It is easier to do a good job with the proper sized wheel. It is not absolutely necessary. You may end up needing to file the gullets.


----------



## sawinredneck (Sep 14, 2006)

I agree, I finally gave in and bought my own, been using my dads, I can sharpen all of my chains with the one wheel, just be carefull, I also try to file what I can, use the grinder for the rocked out chains, the file them in. Seems to work out fine. Figure I was paying $5 a loop per grinding, $5 in gas each way, 2-4 day wait, doesn't take long to make up the $50 for the grinder and grind when you can!! I also try and have at least three chains for each saw.
Andy


----------



## nate cutter (Sep 14, 2006)

good idea


----------



## Haywire Haywood (Sep 14, 2006)

Mine had some end play in the motor, which translated to the wheel moving in and out. Made it impossible to get a consistant grind. I took the end cap off the motor and shimmed it to eliminate the end play. The little link stop wasn't spaced right either, would work well for one side, but wouldn't catch the tooth on the other. Simple shim job too care of that too. I just got the correct 3/16 wheel in from Bailey's yesterday. Too bad I have both 325 and 375 chain. Looks like I'll be changing wheels when I change chains. Easy enough tho.

Ian


----------



## 314epw (Sep 14, 2006)

*cheap sharpener*

*Hate to say it, but I've been using this sharpener for 3 years.Have no problems.I get $5.00 per chain and have sharpened over $300.00 worth.People keep coming back,so I guess they like it!Just take small bites and do the depth gauges properly.
Ed*


----------



## Justsaws (Sep 14, 2006)

314epw said:


> *Hate to say it, but I've been using this sharpener for 3 years.Have no problems.I get $5.00 per chain and have sharpened over $300.00 worth.People keep coming back,so I guess they like it!Just take small bites and do the depth gauges properly.
> Ed*



Good to hear that it is working for you, all I ever hear about it is complaints or whining. How many chains does the wheel last? How much are replacements? Where do you get wheels? I do not personally own one but I might soon. I am using an old Foley Belsaw and would like to have another for "fixing up" the buckets of used chain I get before I slap them on the FB. Equalizing cutters and such or at least to get them within an 1/16".  It amazes me how out of whack some peoples chain get.

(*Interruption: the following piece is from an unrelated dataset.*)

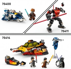 Includes the first LEGO Star Wars minifigures of these characters: Sig Greebling, Darth Dev, and Solitus. Each comes with a lightsaber; Solitus additionally has a double-bladed saber with chain and a STAP platform for dynamic duels.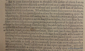 There's a lot happening in this brief passage: first, the point here is to cleverly and ironically mock "all sorts of censurers," those "hastie hot-spurres" who fling "taunting quips" at the learned Greek and Latin historiographers. The author then quotes a few of these commonplace (and, in context, ridiculous and unlearned) quips: "As when they say, Herodotus doth nothing but lie. Thucydides can pen an oration pretily wel, and that is all. Xenophon is not like himselfe in his history." The italics here are a crucial typographical signifier -- as G.K. Hunter showed long ago (in a seminal article in The Library, which if you have access, can be found here) sententiae could be marked in a number of ways, including inverted commas and italics. So, here the italics serve to mark these quips -- mockingly -- as the commonplace utterances of foolish critics.

Do not get me started on depth guages as I just got 3 loops with the DGs completely dremmeled off. :censored: I got them because they needed to be sharpened as thet will not stay mounted.:monkey:


----------



## 314epw (Sep 15, 2006)

*wheels*

*I just got 2 wheels from HF $16.47 to the door.Wheel will last about 50 chains.Of course this depends on how bad the chains are wacked!*


----------



## amdburner (Sep 22, 2006)

Hi all! I am a newbie here, although I have been lurking around for a couple of weeks. I just mounted my new HF grinder to the bench tonight and gave it a rip. Right off I noticed that the 1/8" wheel is too narrow for my 
3/8 chain. All in all though it appears that it will work fine once I get a wider wheel. The past 2 weeks have been something as I now have my first new saw a Husky 455 Rancher ( no ribbing please!), and I scored a Granberg MKII Alaskan mill on ebay as well. My other saw is a ProMac 10-10 which was giving me fits thus the new saw. I have since straightened out the 10-10's issue. Sorry for going off topic a little just wanted to chime in.


----------



## Urbicide (Sep 22, 2006)

Welcome to AS, amdburner. Are you going to run that mill on the 455?


----------



## amdburner (Sep 23, 2006)

Urbicide, I will be using a Jonsered 920 I picked up on ebay as well. I use the 455 for my firewood. Even with all the negatives I read here about it I have found it more than capable for my needs. The 10-10 was killer on my hands not having any vibration dampening whatsoever. The 920 should be in my possession next week. My plan is to use the 920 exclusively on the mill. I also picked up one of the inexpensive "lumber makers" that clamp to the bar. I picked it up on HF for 12.99 when I ordered the grinder. If it works even remotley decent I figured I would mount it to the 10-10 and use it to square the sides of the logs rather than mess around with the Alaskan to do it. I will make the initial top cut with the Alaskan then cut the two sides with the other setup then cut the planks with the Alaskan.


----------



## amdburner (Sep 23, 2006)

I picked up a 3/16" Oregon grinding wheel for my HF grinder today. It looks like I will have to learn how to dress the wheel to the proper shape. Being perfectly square it cuts a wicked hook into the cutter. Is there a reason for these wheels to not have a more correct profile to begin with? Also, any suggestions on properly dressing this wheel?


----------



## 314epw (Sep 24, 2006)

*square*

*Wheels are left square because you use the square wheel to do the depth guages.In real life I don't think anyone does it!Just lower your wheel a couple thousanthes and have at it.Drag the chain through the guide and your done.This is not the proper way to do it,but I betya this is mostly how it's done.*


----------



## amdburner (Sep 28, 2006)

I was finally able to dress my 3/16" wheel last night and give the HF grinder a try. After tweaking the profile and testing the grind on an old chain I went to town on the rocked out chain from my Husky 455. I will give it a try tonight after work to see how it cuts but from the looks it should do pretty well. I would have to say that I am pleased overall with how the grinder works.

Dave


----------